With promotion to South West Regional Women's Football League, Portishead Town Ladies won their third successive promotion in 2017/18 from the Eastern Division on goal difference from Royal Wootton Basset Ladies. The Ladies were then promoted to The FA Women's National League South West Div.1 where they are currently competing. During the 2017/18 season, the Ladies Reserves team was created, who compete in the Somerset County Women's League, winning Division Two in their first season and currently compete in Division One.

The Ladies team are currently managed by Joshua Richards.

Honours

Somerset County Women's League

Division 1 Winners: 2015–16, 2016–17

Division 1 Runners-up: 2013–14

Division 2 Winners: 2017-18 (reserves)

Somerset County Women's League Cup

Winners: 2015–16, 2016–17

Runners-up: 2014–15

South West Regional Women's Football League

Eastern Division Winners: 2017–18

== Portishead Town Youth ==
In an effort to modernise the club, increase the membership numbers and preserve the clubs status for future generations the club merged with two local junior clubs, Portishead Junior FC and Gordano Valley Giants to create Portishead Town Youth. The Junior section offers community football for both boys and girls with teams competing in junior leagues across Bristol and North Somerset. With over 900 junior members, Portishead Town FC is one of the largest junior club's in the South West of England.

== Posset Pathway ==
Following a restructure of the U18s Elite pathway in the 2022/23 season, the club moved away from parent-coach setups to independent coaches, appointing Ash Clemence and Ed Geary. Portishead Town achieved year-on-year success on the pitch, gaining promotion in their first season from the Western Counties Floodlit Youth League Division One to the Premier Division.

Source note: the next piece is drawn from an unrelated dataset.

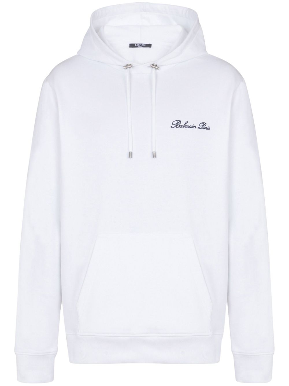 embroidered-logo hoodie Highlights - White - Cotton - Jersey texture - Embroidered logo at the chest - Drawstring hood - Long sleeves - Ribbed cuffs and hem - Front pouch pocket Imported Composition Cotton 100% SIZE & FIT Measurement CHEST 44.09 in(112 cm) LENGTH 29.13 in(74 cm) SLEEVE LENGTH 37.4 in(95 cm) Shoulder Width 18.89 in(48 cm) FittingInformation Designed for a relaxed fit, this piece allows for comfort and movement when worn The ribbed hem offers a close, comfortable fit Made from a midweight non-stretch fabric, this piece offers minimal elasticity when worn
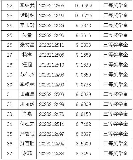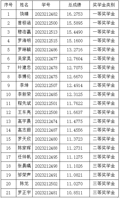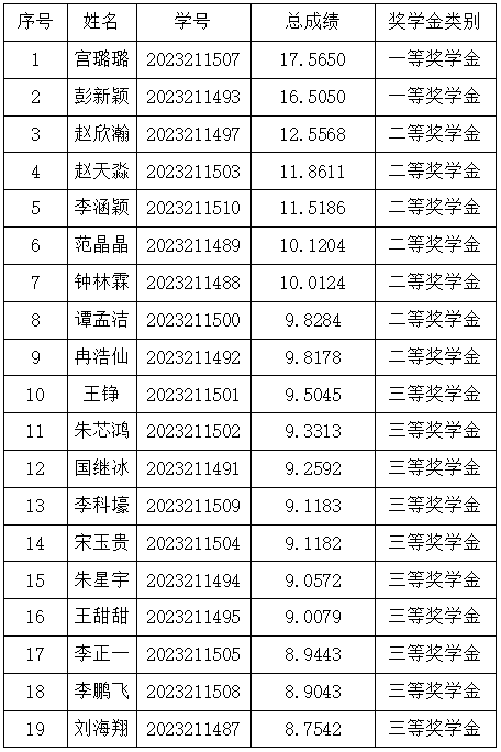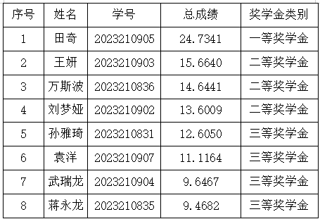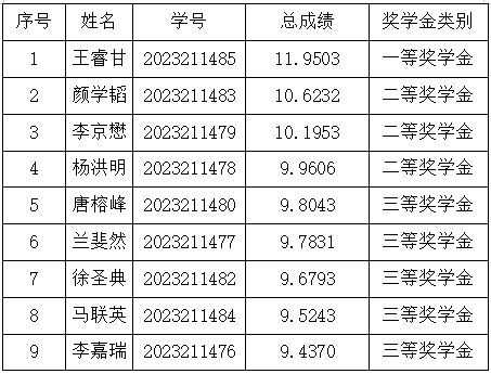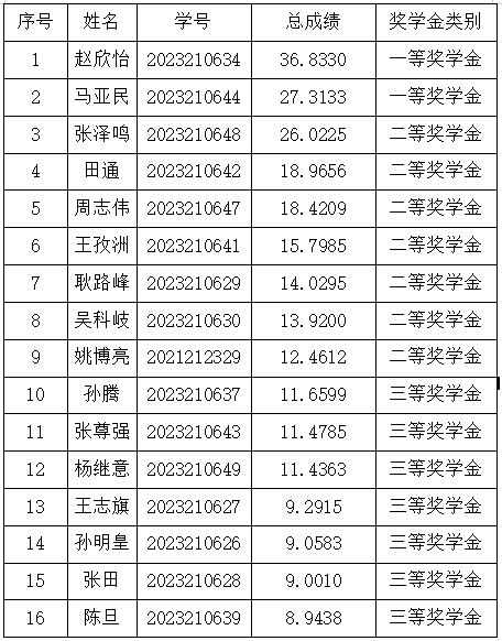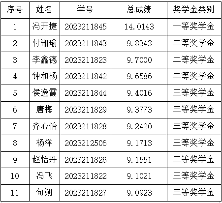 研究生奖(助)学金评定办法(修订)》,按综合成绩排名确定最终获奖类别(综合成绩=学业成果成绩+思想道德素质评价成绩+第二学年综合成绩*10%),现将2023级2024-2025学年研究生学业奖学金获奖名单公示如下:

Players progressing through the pathway were encouraged to move into Portishead Town's senior teams. The pathway was further strengthened with the appointment of Dave Griffiths, whose role focused on supporting players' transition from U16 football into U18 and men's football. Following the addition of Mike Tipson to the coaching staff, the U18 Floodlit team went on to win the Premier Division title in the 2025/26 season, with two games to spare.

The same coaching philosophy was subsequently applied across all U18 teams, resulting in a significant increase in player throughput from the First Team down to the Fourth Team.

==Ground==

Portishead Town play their home games at Bristol Road, Portishead, Bristol, BS20 6QG.